> Data segment:
----
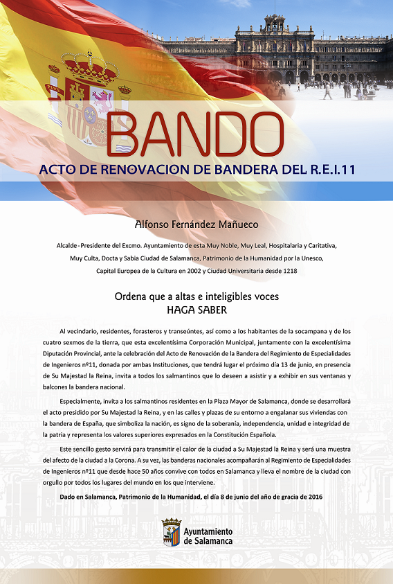 El alcalde de Salamanca, Alfonso Fernández Mañueco, anima a los salmantinos a que engalanen sus viviendas con la bandera de España el próximo lunes ,13 de junio, con motivo de la visita de Su Majestad la Reina, que presidirá el Acto de Renovación de la Bandera del Regimiento de Especialidades de Ingenieros nº11. La nueva enseña ha sido donada por el Ayuntamiento de Salamanca y la Diputación Provincial.
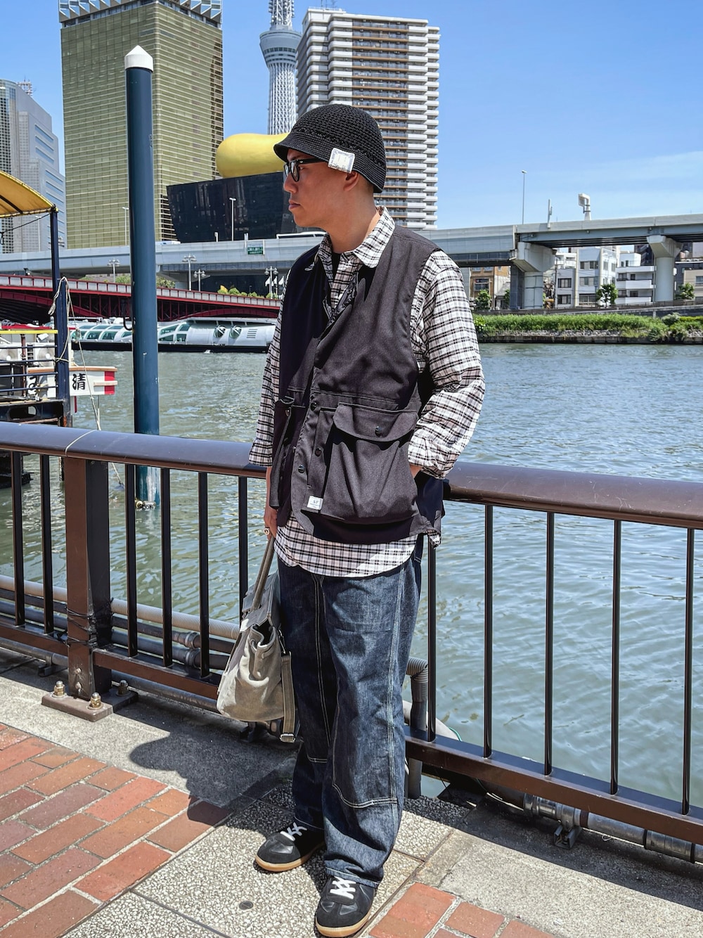 モノトーンのアイテムの中にインディゴのデニムを入れてアクセントに ヘッドウェアをニットハットにすることでリラックス感を出しています
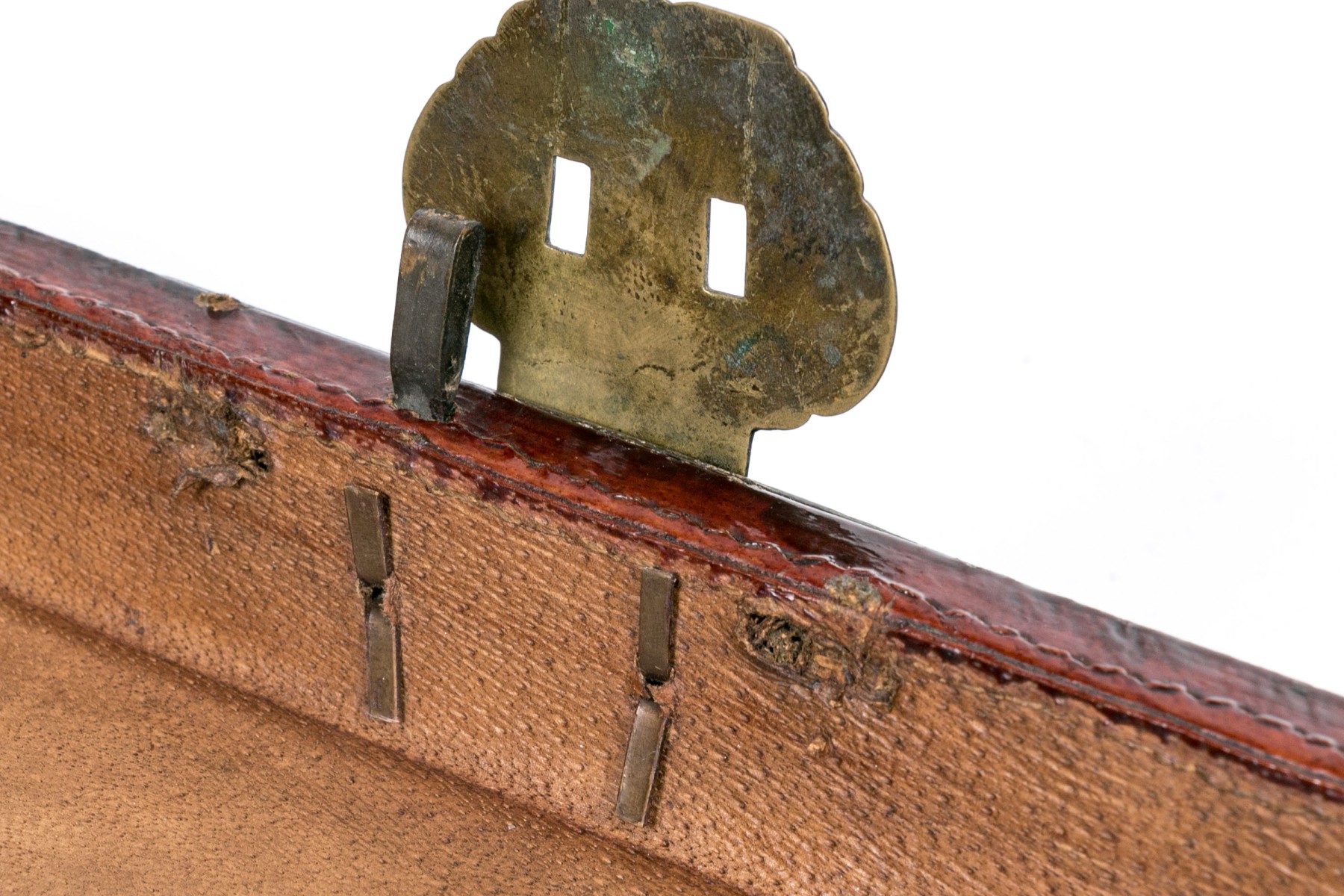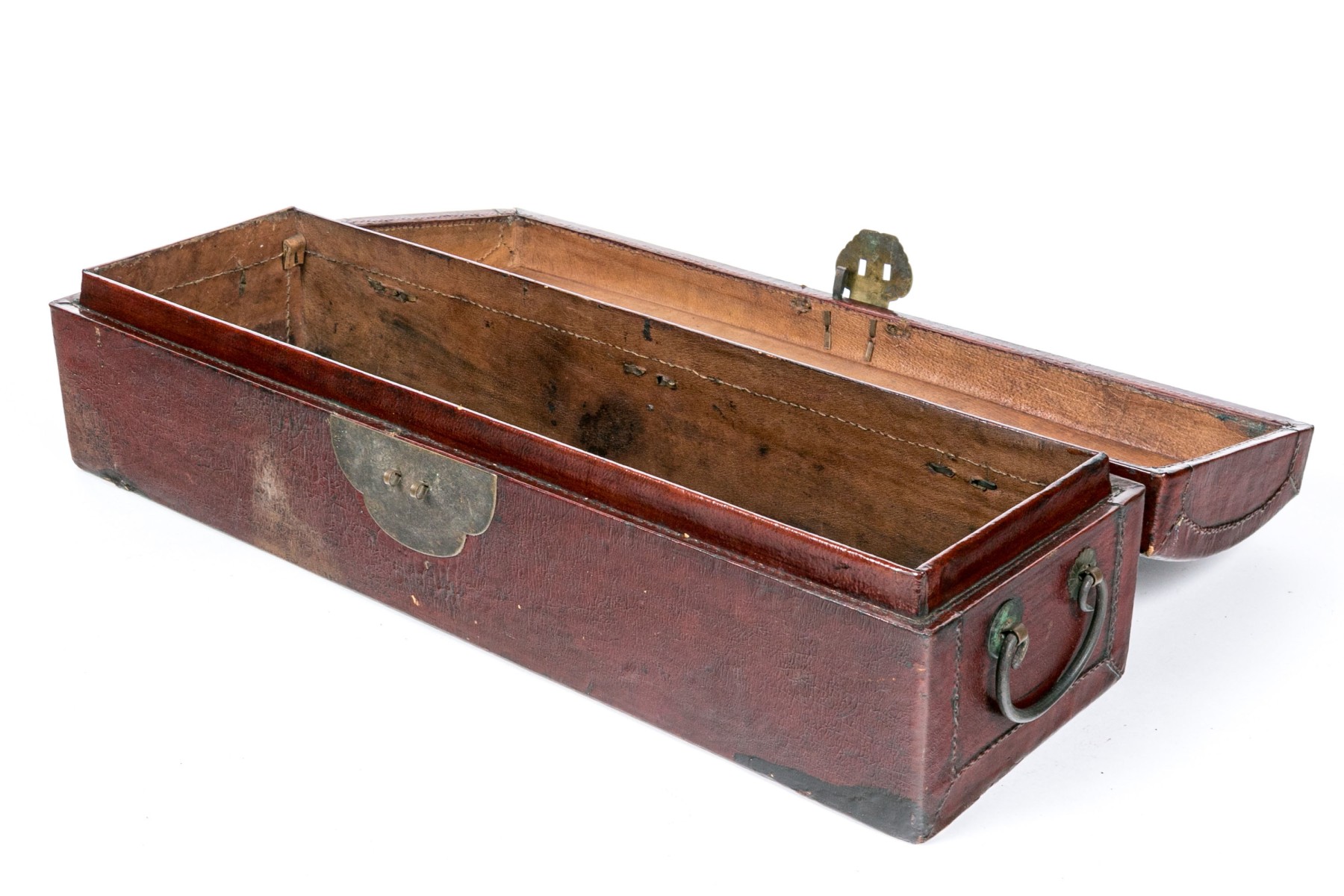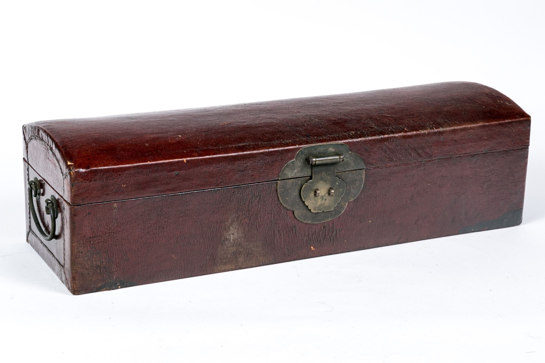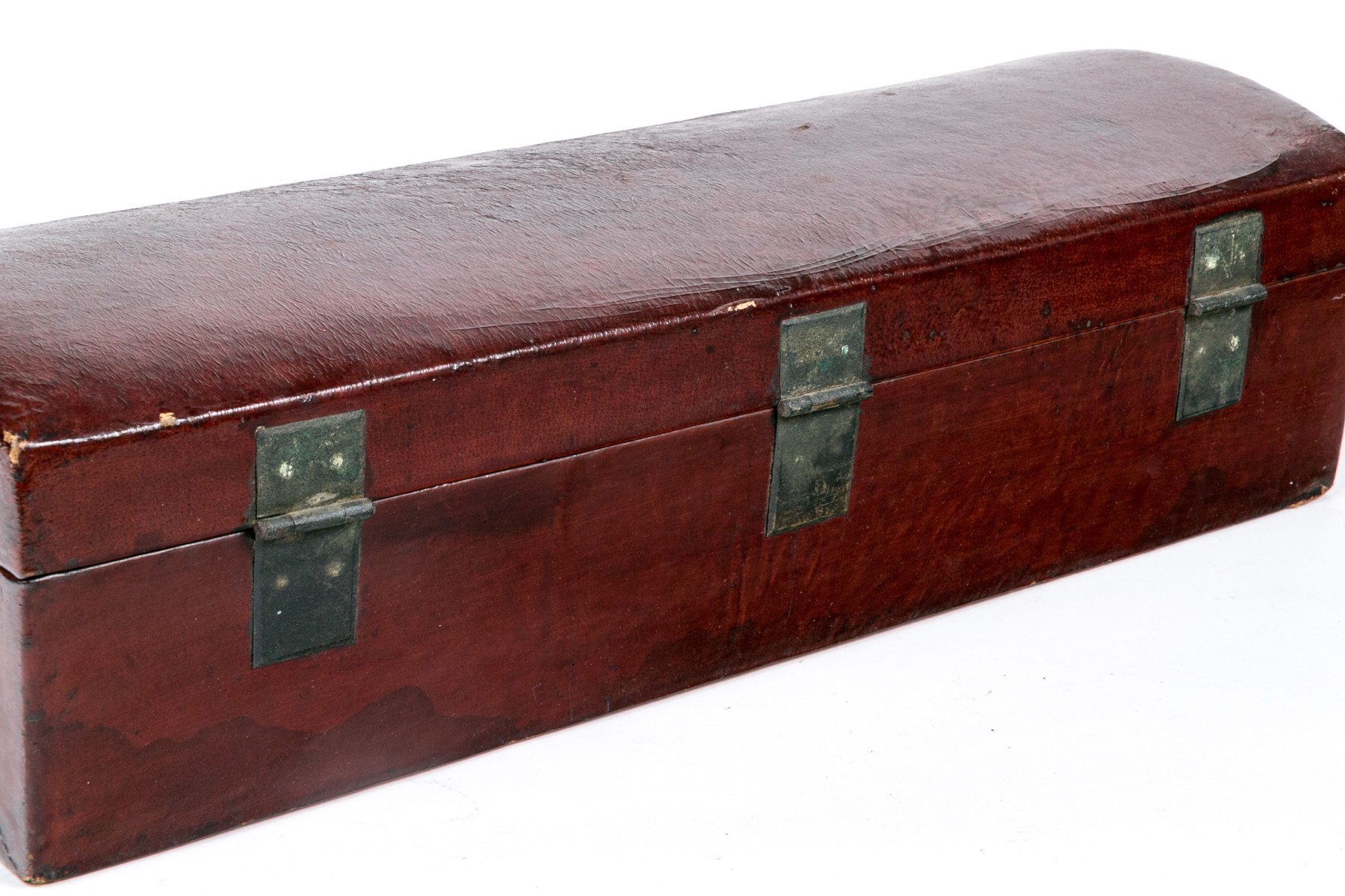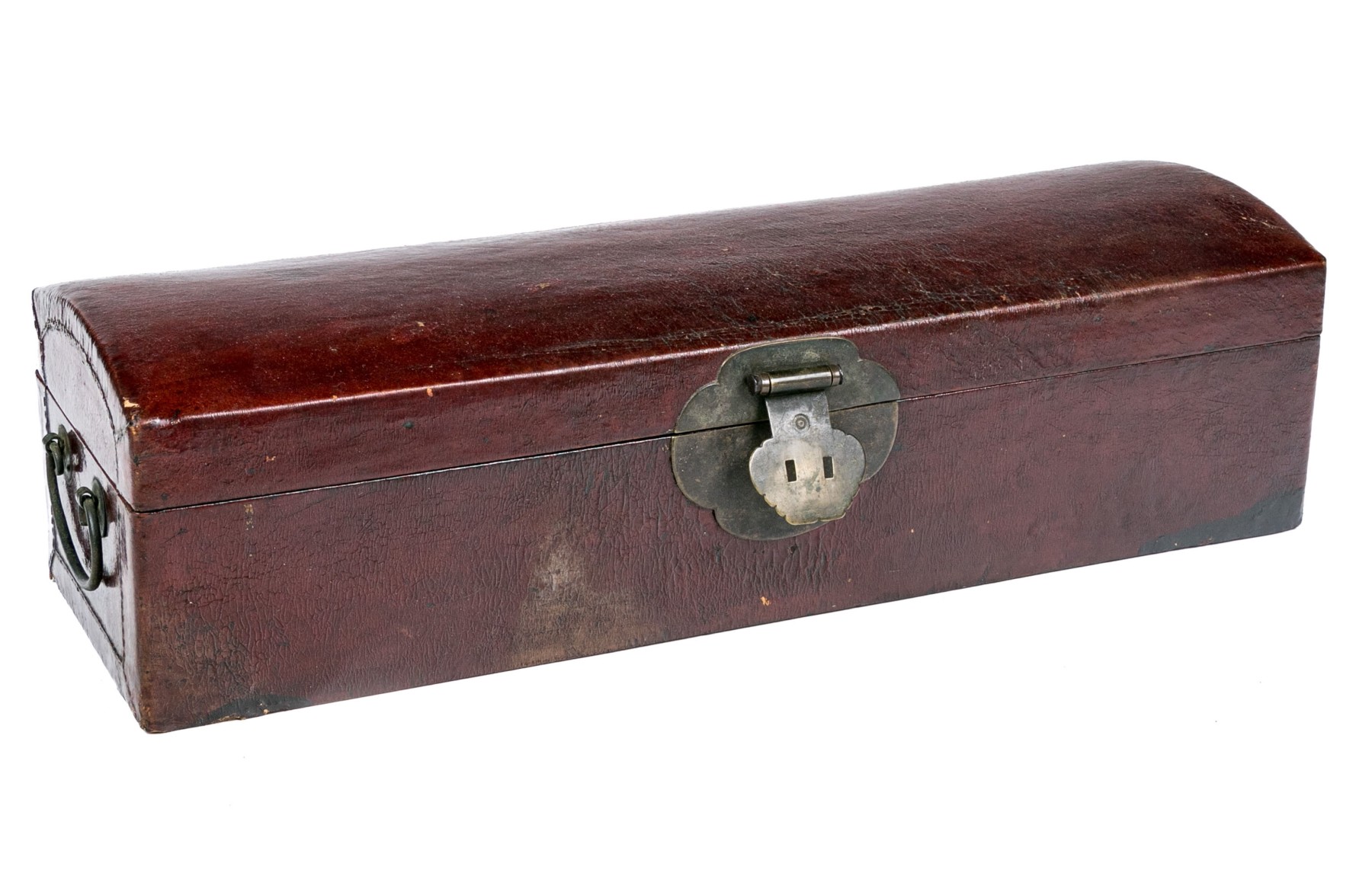 A long rectangular box covered in oxblood tone stained leather. With metal tin handles and front lock mount (lacking the pin). Inside the lid is an attached leather strip with inscription.
----
The answer must be the full listing retyped exactly, with no pictures in it.

 El alcalde de Salamanca, Alfonso Fernández Mañueco, anima a los salmantinos a que engalanen sus viviendas con la bandera de España el próximo lunes ,13 de junio, con motivo de la visita de Su Majestad la Reina, que presidirá el Acto de Renovación de la Bandera del Regimiento de Especialidades de Ingenieros nº11. La nueva enseña ha sido donada por el Ayuntamiento de Salamanca y la Diputación Provincial.
 モノトーンのアイテムの中にインディゴのデニムを入れてアクセントに ヘッドウェアをニットハットにすることでリラックス感を出しています
 A long rectangular box covered in oxblood tone stained leather. With metal tin handles and front lock mount (lacking the pin). Inside the lid is an attached leather strip with inscription.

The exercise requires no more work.